Il precariato più becero
E’ la storia di una maestra di scuola primaria di Conegliano, in provincia di Treviso, assunta per 15 volte il lunedì e licenzia il martedì. A porre fine alla sua situazione una sentenza del Tribunale di Treviso che ha riconosciuto il suo lavoro di supplente part-time e ha condannato il Ministero a pagarle il dovuto.
La storia al limite è stata raccontata da Il Gazzettino. Ma non è una storia a lieto fine immediato, perchè per il momento la docente non ha ancora beneficiato del risarcimento e ha dovuto fare ricorso al Tar. Solo così ha ottenuto che la legge desse al Ministero di dare esecuzione alla sentenza pena l’intervento di un commissario ad acta.
Una storia incredibile
Beatrice, la protagonista di questa vicenda, è una maestra che ha lavorato firmando 15 contratti con un istituto comprensivo per supplenze temporanee per un totale di oltre 1500 euro anziché in base al part-time di 12 ore settimanali, cioè oltre 9mila euro. Il ministero non le aveva riconosciuto nemmeno l’anzianità di servizio, né la maturazione di 12 punti valevoli per la graduatoria.

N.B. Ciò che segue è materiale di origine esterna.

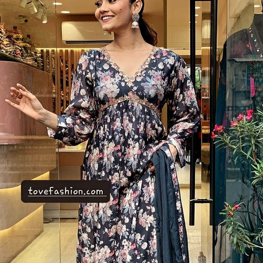 Party wear Suit with Embroidered Yoke with Cutdana, Sequins and Pearls Handwork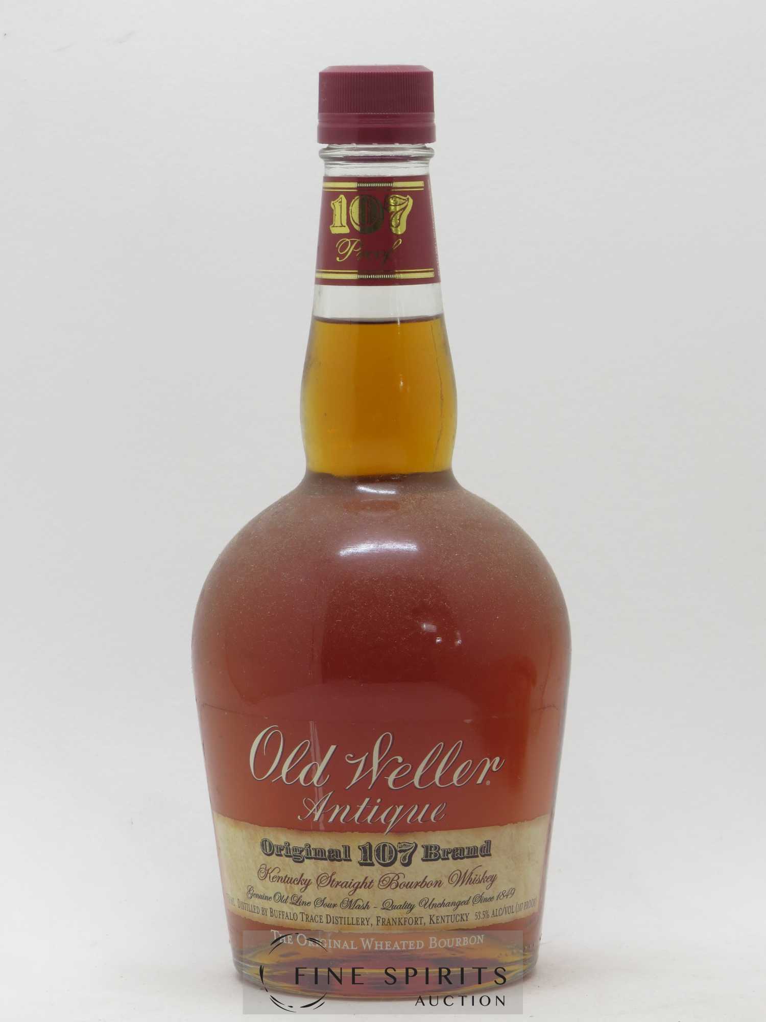 Weller Antique 107 est un wheated bourbon c'est-à-dire un bourbon dont la deuxième céréale est du blé et non du seigle comme c'est souvent le cas. 107 désigne ici le degré : 107 proof soit 53,5%. Le Weller Antique 107 était un 7 ans mais cette précision a été abandonnée. La marque était initialement produite à la distillerie Stitzel-Weller, vendue en 1972 par Julian Van Winkle II. Elle passe à Distillers Company Limited en 1984 qui augmente sensiblement ses capacités de production avant de la fermer en 1992 au profit de Bernheim, refaite à neuf. A la fin du siècle, DCL - devenue entre temps United Distillers puis Diageo - vend le stock de Stitzel-Weller et la marque au groupe Sazerac qui la produit toujours dans sa distillerie Buffalo Trace.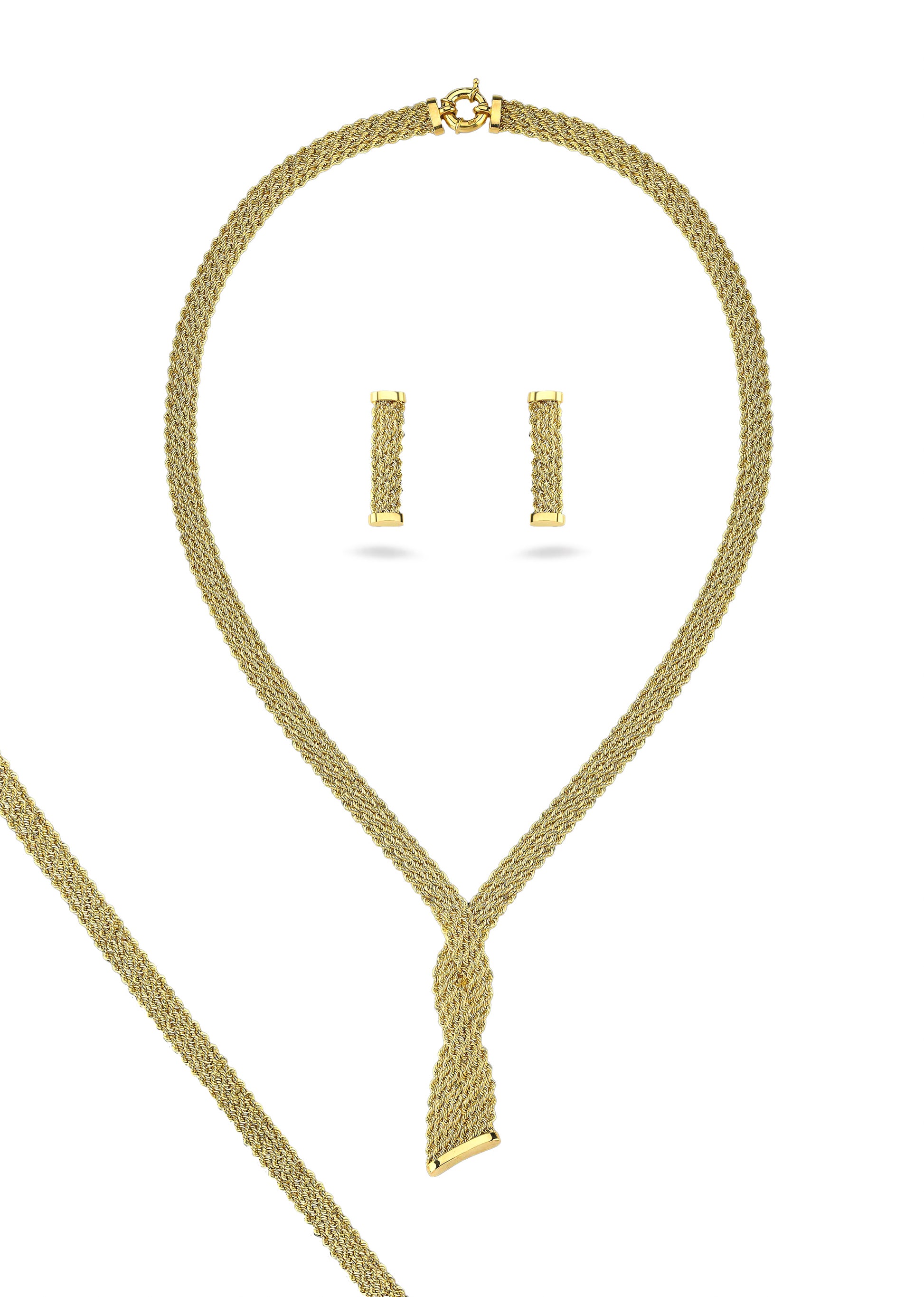 La parure ADELIA en or 18 carats allie finesse et élégance. Ses mailles en mouvement apportent une délicate sensualité au collier, complété par un bracelet et des boucles d’oreilles pour un ensemble lumineux, idéal pour toutes les occasions.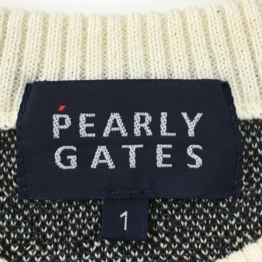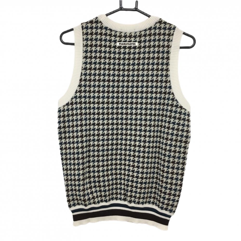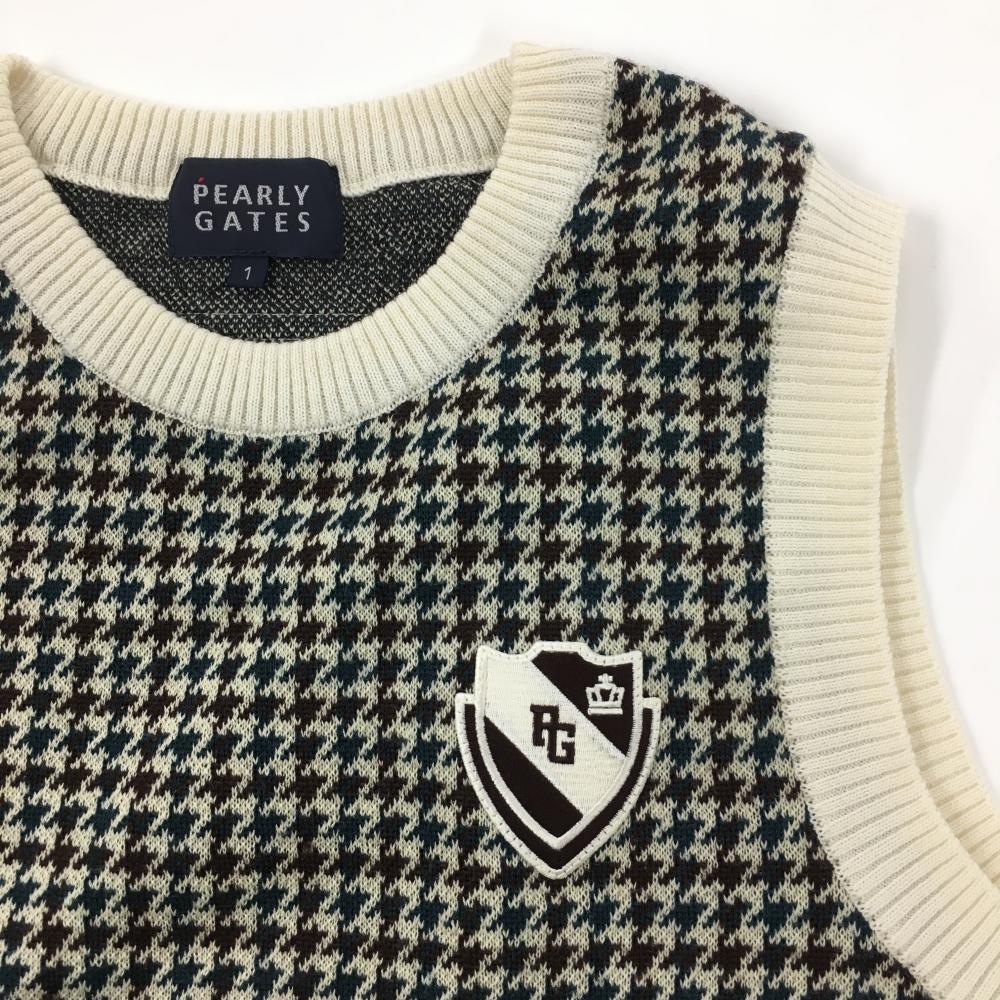 【超美品】パーリーゲイツ ニットベスト 白×ボルドー 千鳥格子 ウール混 レディース 1(M) ゴルフウェア PEARLY GATES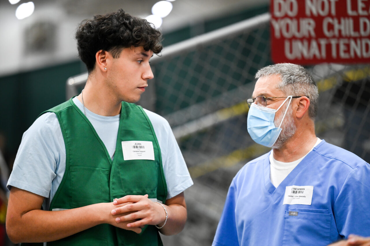Acuna, who helped check in patients as they entered the facility, said she was interested in emergency room medicine—but was also thinking about rural medicine “so that I can provide care to low-income people or people that don’t have access to quality medical care.”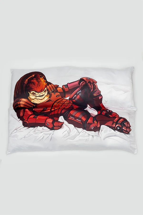 On one side, you'll find Wrex lying face up on a bedsheet, exuding all his rugged charm. He's looking at you with that fierce gaze, ready to protect the galaxy. When you're ready to switch things up, flip the pillowcase to reveal the krogan warrior lying face down, inviting you to join him in an epic slumber.

A restituirle dignità e ragioni, il Tribunale che lo scorso 15 aprile, aveva accertato che la maestra aveva “prestato attività corrispondente a quella di supplente part-time al 50% dal 21 settembre 2018 al 21 maggio 2019″ e per questo aveva condannato il Ministero al pagamento degli stipendi maturati.
Il Ministero le aveva corrisposto solo la cifra di 2500 euro, cioè le spese legali, senza versare gli stipendi quantificati. Il Ministero non si è nemmeno costituito in giudizio al Tar. Ci hanno poi pensato i giudici amministrativi a fare in modo che il Ministero ottemperasse alla sentenza e dunque al pagamento degli stipendi.